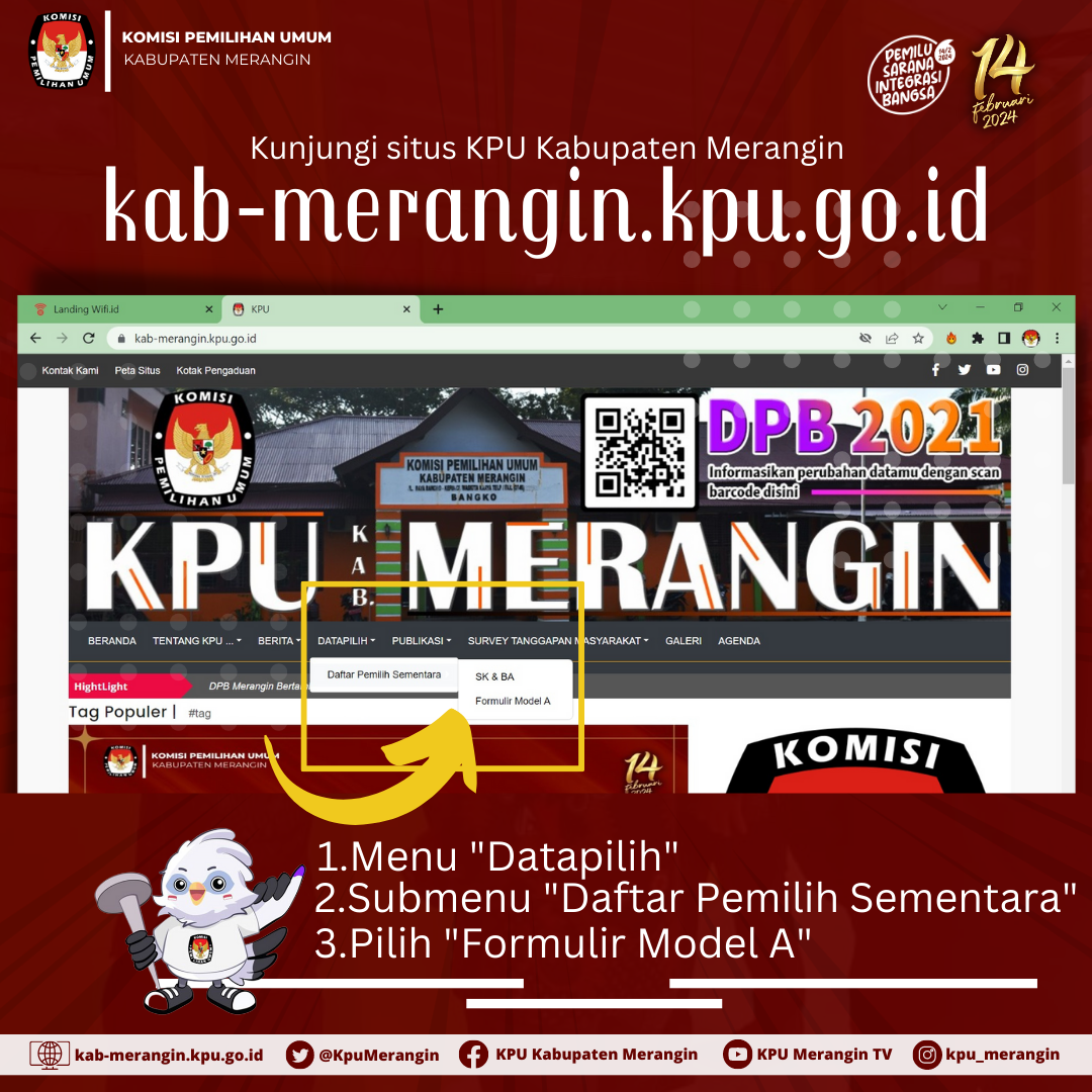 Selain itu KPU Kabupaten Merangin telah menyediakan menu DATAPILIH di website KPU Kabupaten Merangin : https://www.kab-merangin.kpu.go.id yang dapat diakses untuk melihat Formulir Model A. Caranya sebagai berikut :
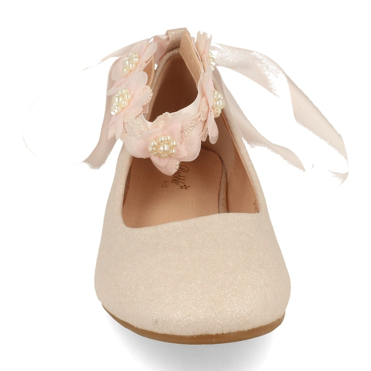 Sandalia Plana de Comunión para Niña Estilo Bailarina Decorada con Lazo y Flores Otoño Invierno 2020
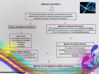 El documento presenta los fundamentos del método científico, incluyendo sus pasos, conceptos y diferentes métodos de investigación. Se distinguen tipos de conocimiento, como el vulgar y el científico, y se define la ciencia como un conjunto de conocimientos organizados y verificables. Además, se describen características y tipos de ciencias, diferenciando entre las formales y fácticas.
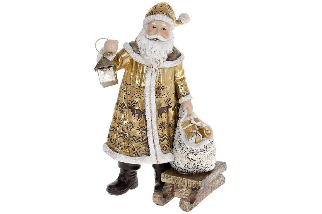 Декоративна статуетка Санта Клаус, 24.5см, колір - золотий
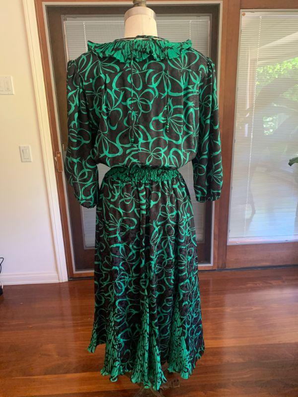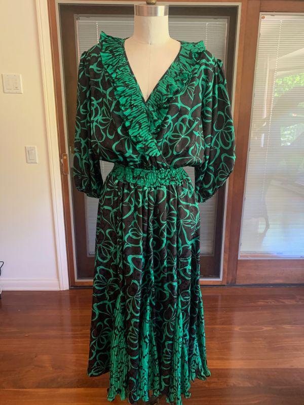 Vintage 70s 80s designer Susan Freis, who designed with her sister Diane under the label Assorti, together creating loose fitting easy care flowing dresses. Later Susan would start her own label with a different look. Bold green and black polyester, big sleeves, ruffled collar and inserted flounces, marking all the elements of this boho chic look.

-*-

:: Required work ::
Reproduce only the lines between the line with "Декоративна статуетка Санта" and the final line of the records, both included, so that the copy matches them exactly and contains no pictures.

:: Output ::
 Декоративна статуетка Санта Клаус, 24.5см, колір - золотий
 Vintage 70s 80s designer Susan Freis, who designed with her sister Diane under the label Assorti, together creating loose fitting easy care flowing dresses. Later Susan would start her own label with a different look. Bold green and black polyester, big sleeves, ruffled collar and inserted flounces, marking all the elements of this boho chic look.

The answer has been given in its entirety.